Creating a Simple Bare Metal Atomic Host Cluster

Atomic host is a great technology for containerized applications. I like it especially on bare metal machines. In this post I will describe how to setup a simple Do-It-Yourself cluster consisting of three netbooted machines running docker over flannel. Flannel provides a NAT-less private network overlay. Through that network, application containers can easily reach any other containers within the cluster regardless of which machine they run on.

We use three machines called a1, a2, and a3. Let’s designate static IP addresses to them.

a1: 192.168.99.51
a2: 192.168.99.52
a3: 192.168.99.53

We install atomic host OS on these machines via netboot from another host.
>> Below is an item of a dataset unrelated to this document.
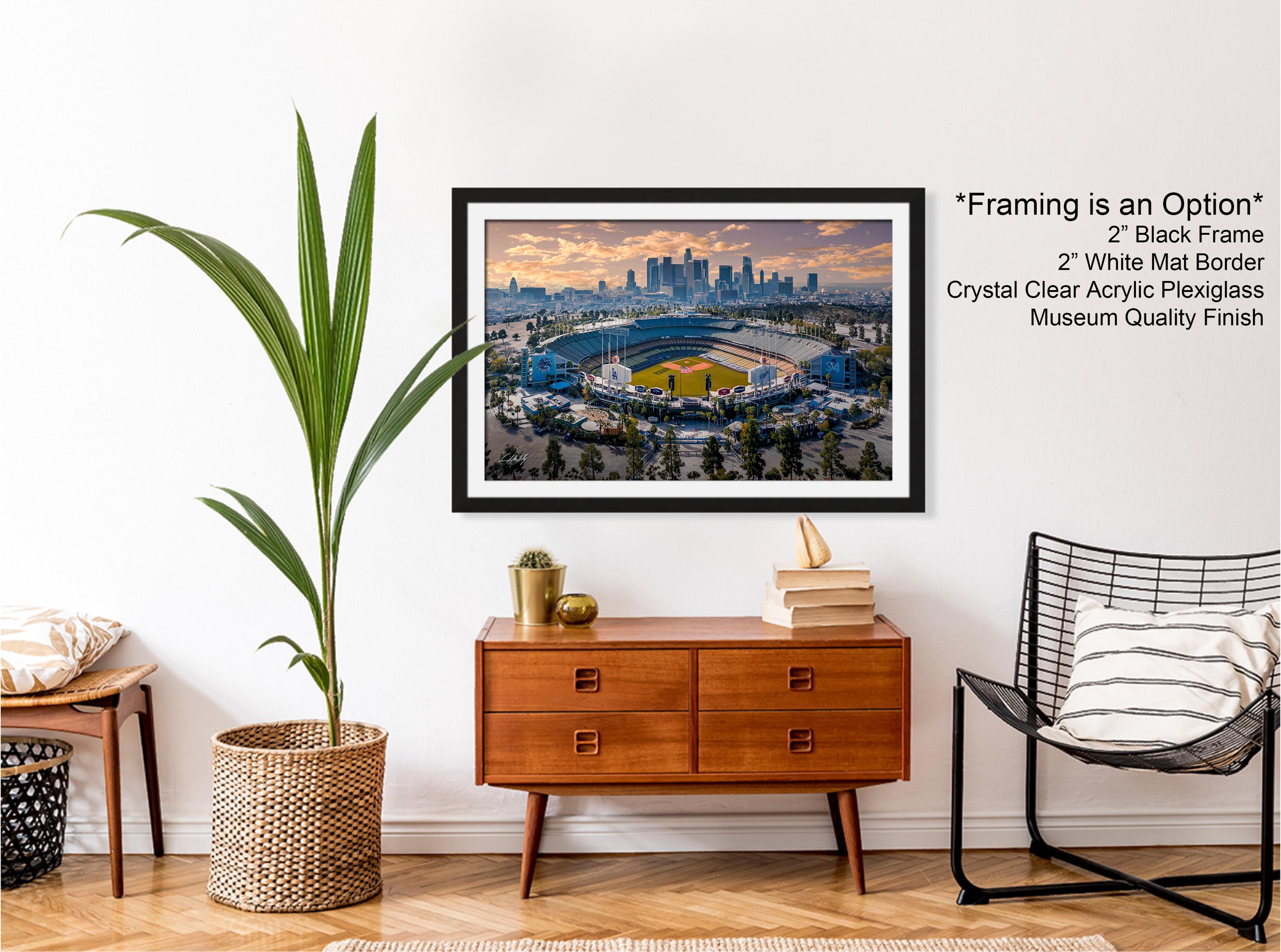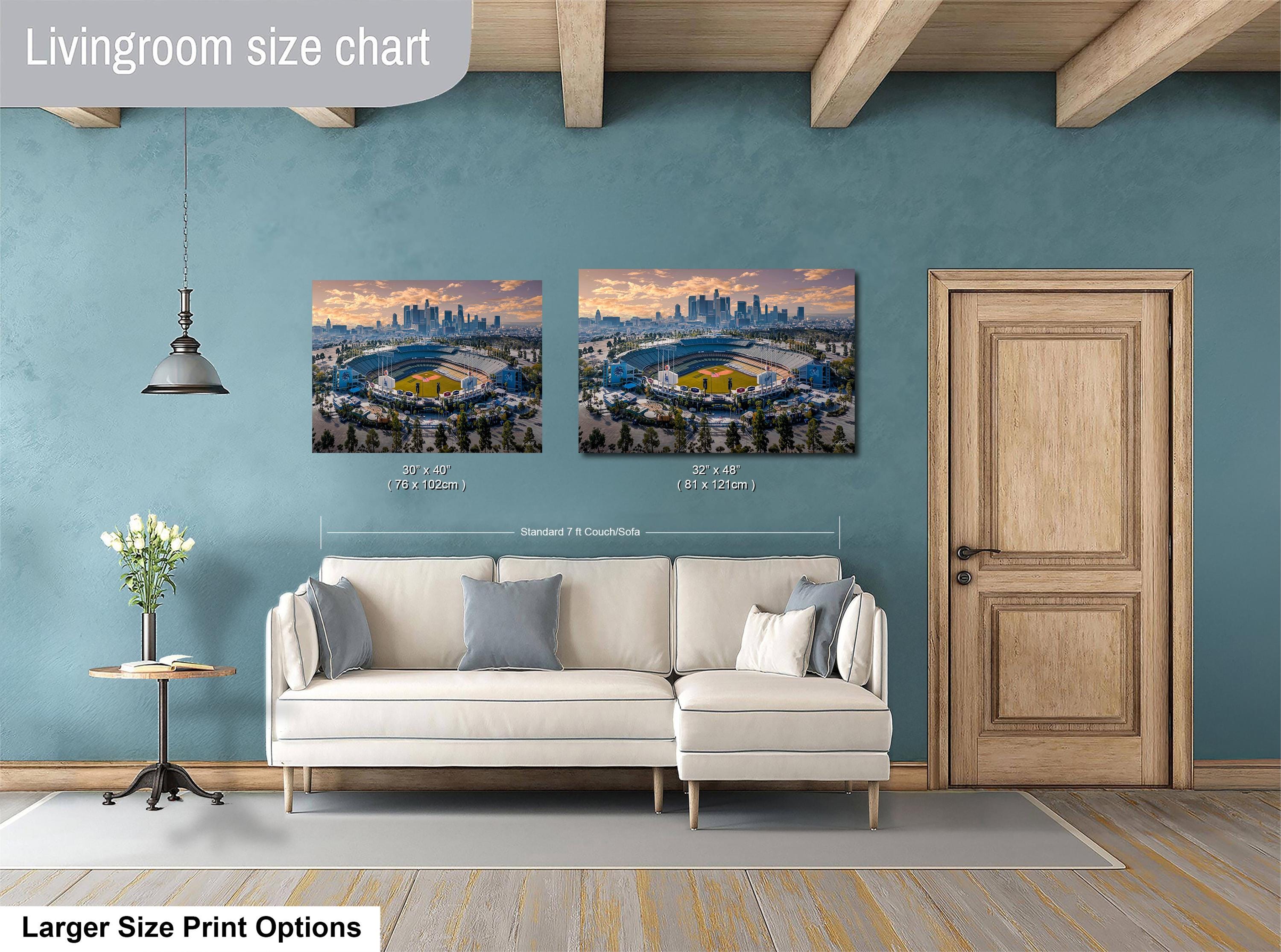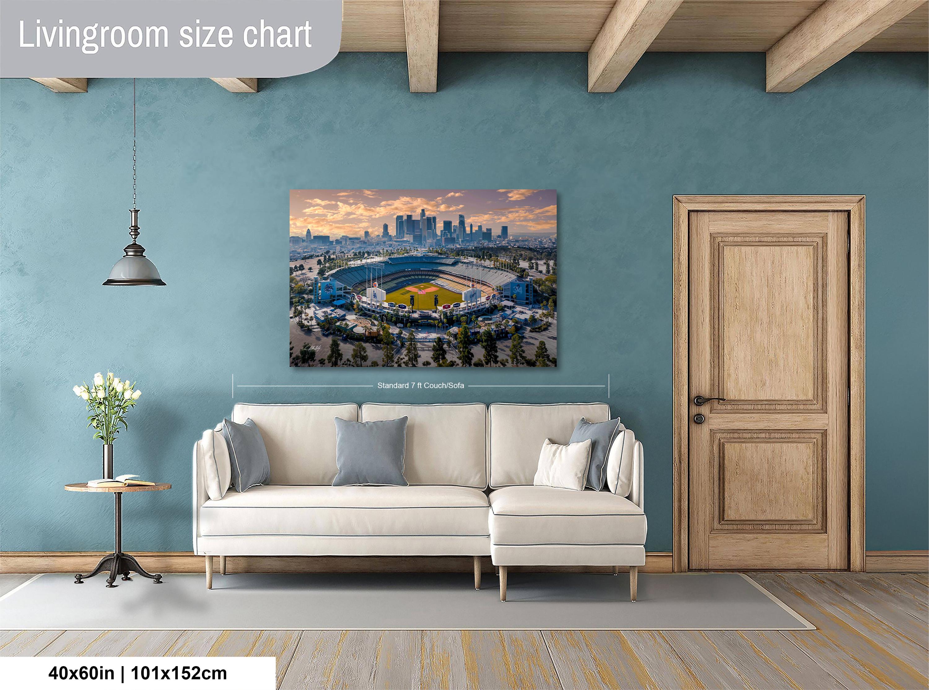 Dodgers Stadium Wall Art with LA Skyline at Sunrise & Sunset, Los Angeles Baseball Decor, Dodgers Fan Gift, Stadium Illustration Print

Let’s call that host boothost. It holds all installation and configuration files. We set up an unattended installation and configuration using kickstart and cloud-init.

Kickstart

Thanks to ostree and cloud-init, we can simplify kickstart.cfg immensely. We need to tell it how to partition disks, where the ostree repository is, and where cloud-init files reside. Sometimes I wonder if the entire kickstart can be reduced to nil by writing appropriate cloud-init modules but for now we go with the tradition.

Most items in the kickstart file are selected according to local preference. Here we list those that relate to setting up the cluster. Line continuations are used for readability only, they don’t appear in the scripts.

text
ostreesetup --osname="Fedora-Cloud_Atomic" \
            --remote="Fedora-Cloud_Atomic" \
            --url="http://boothost/f22-atomic/content/repo" \
            --ref="fedora-atomic/f22/x86_64/docker-host" --nogpg
services --enabled=cloud-init,cloud-config,cloud-final,cloud-init-local
bootloader --location=mbr --append="ds=nocloud\;seedfrom=/var/cloud-init/"
part /boot --fstype=ext4 --asprimary --size=512 --ondrive=sda
part pv.01 --fstype=ext4 --asprimary --grow --ondrive=sda
volgroup fedora pv.01
logvol swap --vgname=fedora --fstype=swap --name=swap --recommended
logvol none --vgname=fedora --thinpool --name=docker-pool --size=100000
logvol / --vgname=fedora --fstype=ext4 --name=root --grow --percent=95
clearpart --all --initlabel --drives=sda
reboot
%post
ostree remote add --set=gpg-verify=false \
       Fedora-Cloud_Atomic \
       'https://dl.fedoraproject.org/pub/fedora/linux/atomic/22/'
mkdir /var/cloud-init
curl http://boothost/f22-atomic/meta-data.a1 > /var/cloud-init/meta-data
curl http://boothost/f22-atomic/user-data > /var/cloud-init/user-data
curl http://boothost/f22-atomic/bootcmd > /var/cloud-init/bootcmd
chmod a+x /var/cloud-init/bootcmd
%end

Items text and ostreesetup are boilerplate, nothing special about them. I prefer text because sometimes only a serial console is available. ostreesetup gives the opportunity to install some other system, such as centos atomic for example. In this exercise, we take the default fedora tree.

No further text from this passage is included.